Using the grade structure above, the role is placed into Grade 7, since the Grade 7 midpoint of $120,000 is very close to the market median for the job. 

This structure works and aligns with the organizations intent of paying at the median.

But look at the range minimum and compare it to the 25th percentile. Grade 7 has a range of $100,000 - $140,000 - so someone perhaps promoted into that role from a lower grade might be paid at the minimum of the range ($100,000). They are now part of the 25% of workers paid at or below the 25th percentile. 

This is not an atypical finding - the 25th percentile of the market is often only 10-15% below the median, which can often mean it falls at or below a defined range minimum.

So who pays at the 25th percentile? Most companies do, at least for some employees. If you build a range around your intended market target, you are likely paying some portion of your workforce lower in the market than your leaders expect.

 

How You Compete for Talent and Use Talent For Business Success:

Some organizations knowingly - and thoughtfully - offer lower compensation than others.

The illustration and example above make it sound like paying at the 25th percentile is an accident or anomaly. But there are also examples where targeting a below-median market position is a sensible strategy. here are three case examples where a below-median compensaiton strategy has been deployed.

The benchmark reflects a market that's "not really us" 

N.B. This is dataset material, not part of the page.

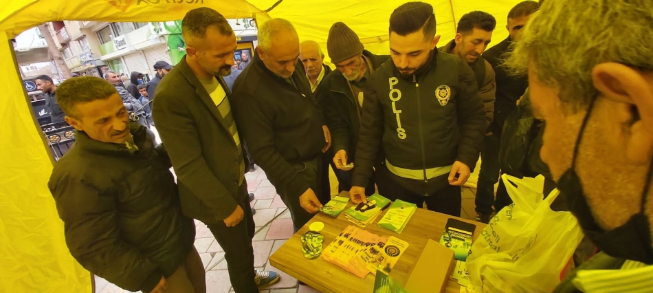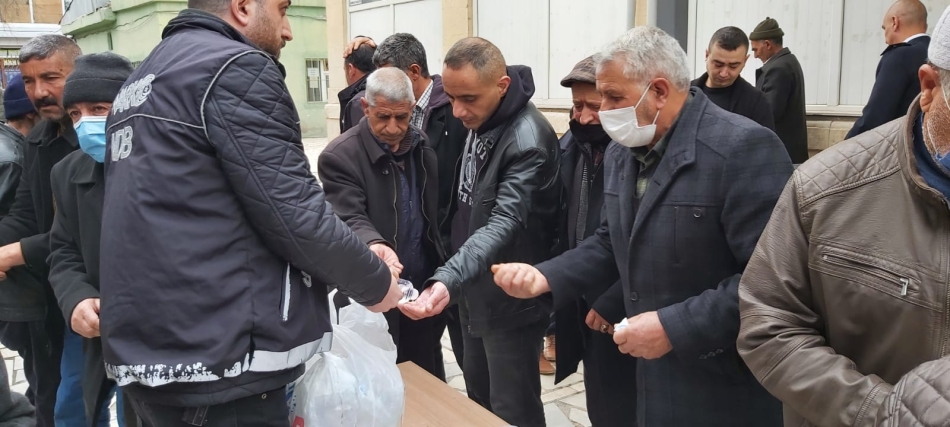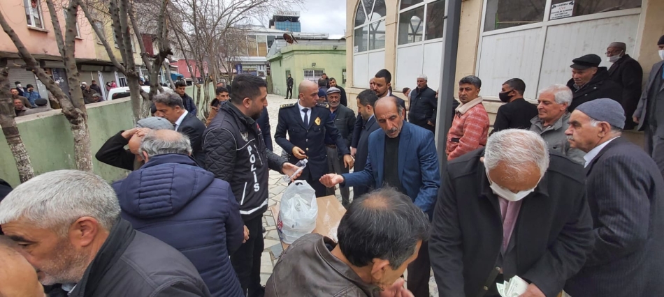 Mevlitten sonra camii çıkışında vatandaşlara kolonya ve çikolata ikramı yapıldı. İlçe merkezinde kurulan çadırda vatandaşları bilgilendirmek için el broşürleri dağıtıldı.

In come cases, available benchmarks aren't fully representative of the talent market. The benchmark may reflect the work, but done in a manner or setting that's not analogous to your organization. For example, a company providing investment research to consumers might still benchmark a stock analyst using the McLagan benchmark for investment management firms, knowing that "buy-side" analysts are ultimately doing different work with very different business economics. It makes sense ot track the market for this role and skill, but it may not be necessary or appropriate to consider those the right talent market. 

We simply can't afford to pay at median.

Compensation is a business expense - often a company's largest. If the unit economics of the business require labor at a certain rate to drive profitability, it is a sensible strategy to try attracting and retaining talent at a lower price point. For example, a company providing outsourced lab testing services can only win in the market if it can offer lower cost services than in-house delivery. While achieving scale and increasing productivity can drive down that price point, the organization has also found that it cannot offer rates competitive with what hospital-based labs or R&D facilities are able to pay. It's the same talent market, but different economics that drives the need rate of pay.

We can still attract talent at lower salaries because our value proposition is very different.

It's not always about pay, and certainly not always about base salary. Many organizations choose to have lower fixed compensation in favor of more variable compensation (cash or equity). Other companies focus more on benefits, work life balance, or growth opportunities that decrease the focus on high salaries.

 

The 25th percentile isn't evil

Market distributions reflect pay in the market, and the 25th percentile simply represents the point below which a quarter of the market is paid. There's nothing inherently good or bad about the 25th percentile - same as the 75th percentile. Ultimately, organizations need to establish a compensation structure that supports their business needs by attracting and retaining the talent needed to drive success. The percentiles... are just math.